Figure 25K a year to race CCS. If you want to win some regional stuff, then go for it. Go for a Midwest Championship and a Great Plains Championship. Winning Championships as an amatuer really doesn't mean too much. If you can go win Championships as an expert and participate in ASRA or WERA as an expert and win and/or score a lot of points now you are getting somewhere. I'm not exactly sure how it works, but to aquire an AMA license you have to score a certain amount of points as an expert racer, but there has to be a certain amount of people in that race to begin with. If the grids are short people, those points don't count towards your AMA license points.

To win and run up front as an expert in WERA or ASRA your pocket book will need to be a bit deaper than 25K a year. You will need to be able to travel alot. You will miss your home. A spare bike is crucial or tons of spare parts. If you want to win or stay in the points chase you can not miss a weekend or a race.

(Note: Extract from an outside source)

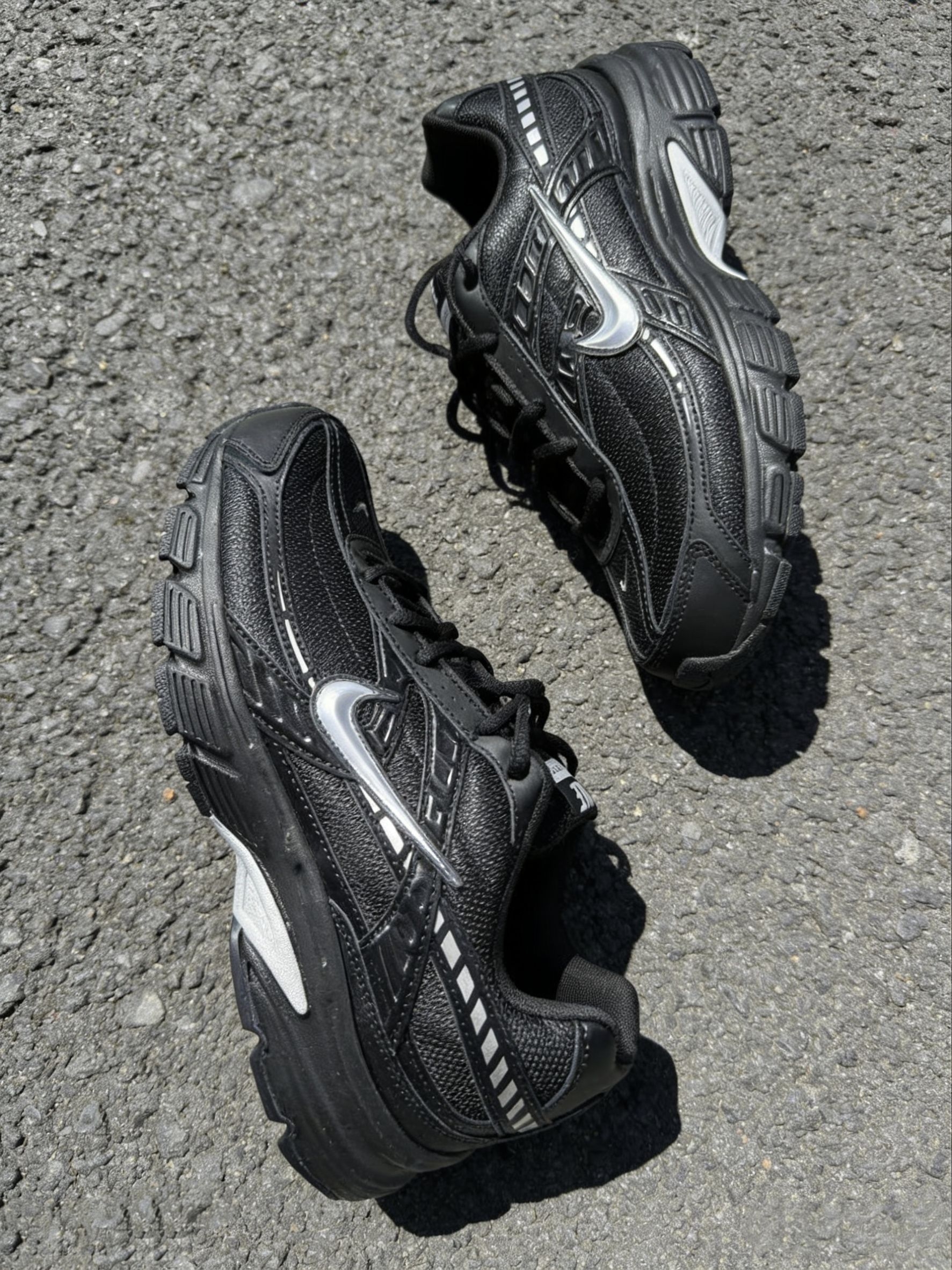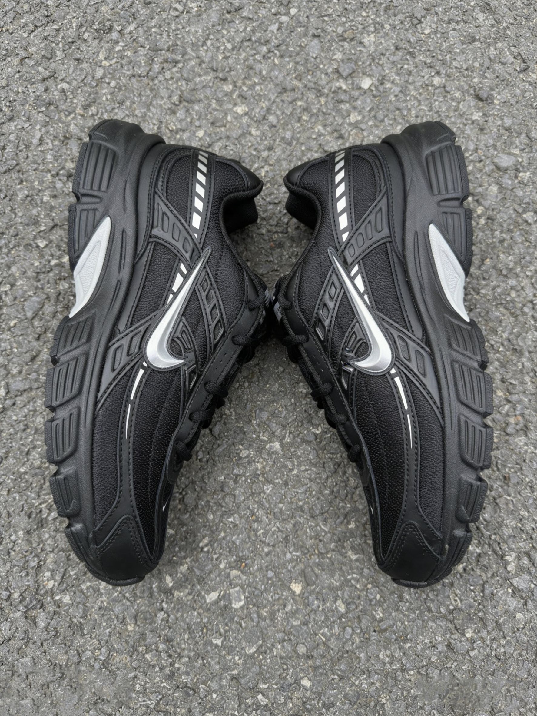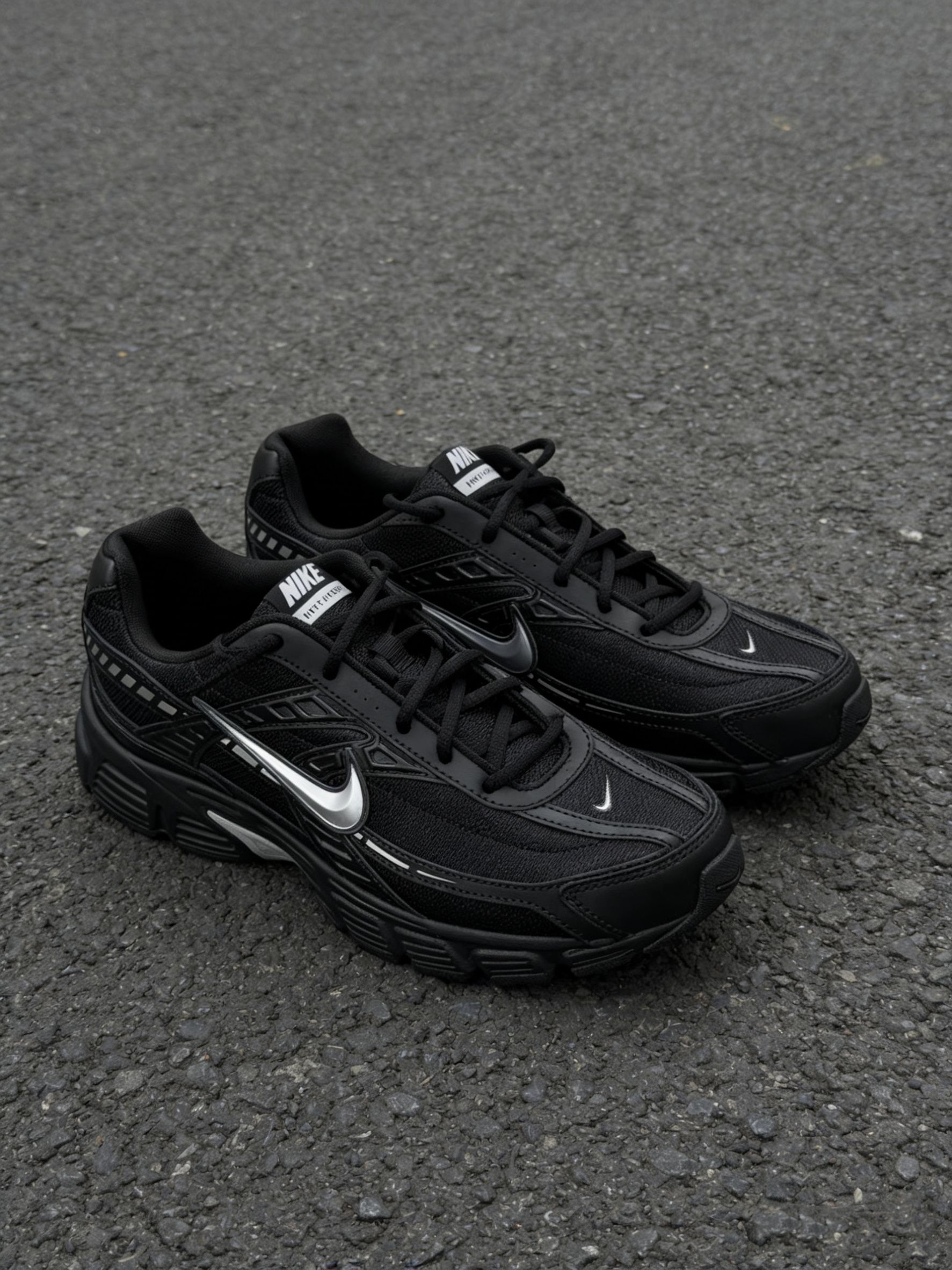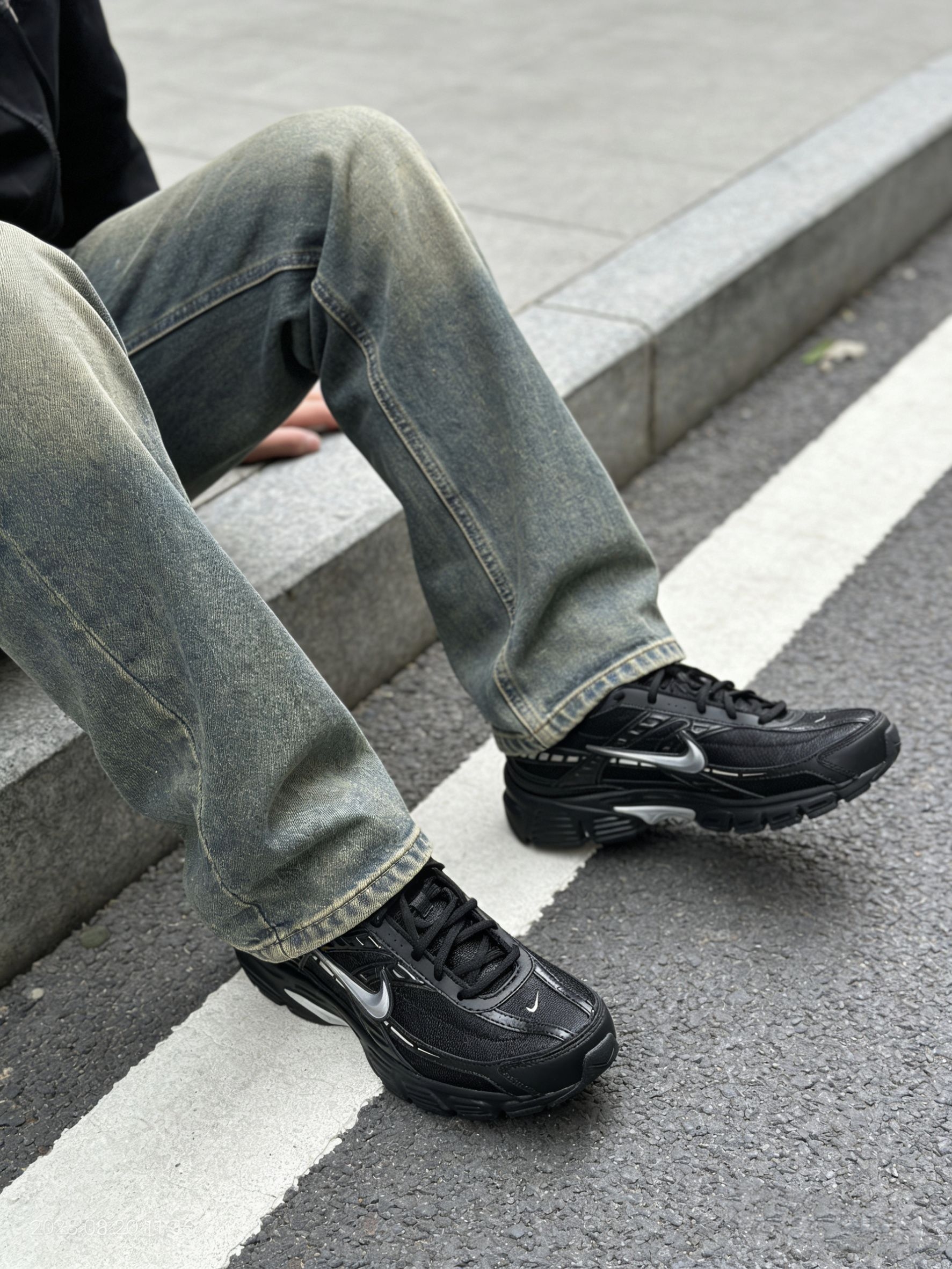 我刚上脚这双全黑的Nike Initiator,第一感觉就是酷。全黑的聚酯纤维鞋面带着点细细的反光,配上那个银色小钩子,一下子就有小时候四驱车赛车那味儿了,帅得很。 穿起来的脚感很实在,全掌泡棉底不是那种软乎乎的踩屎感,而是老式运动鞋特有的轻和稳。这种稳定的脚感特别适合我这种每天通勤、偶尔还要走点路的人,穿一天下来脚也不会酸涨。 鞋楦的包裹感很紧实,织物网面为主的鞋面透气性不错,贴着脚但不...

There are people doing this that have been in it for a long long time. Just being a good rider doesn't get it done. You will need a good crew, a good mechanic you can trust, and need support mentally and financially. You won't get rich doing it either. The only way you'll make a profit is if you go pro and get picked up by a factory team which is like finding a needle in hay stack. There are plenty of good riders out there at the pro level. But most don't have the resources or support to run with the factory guys.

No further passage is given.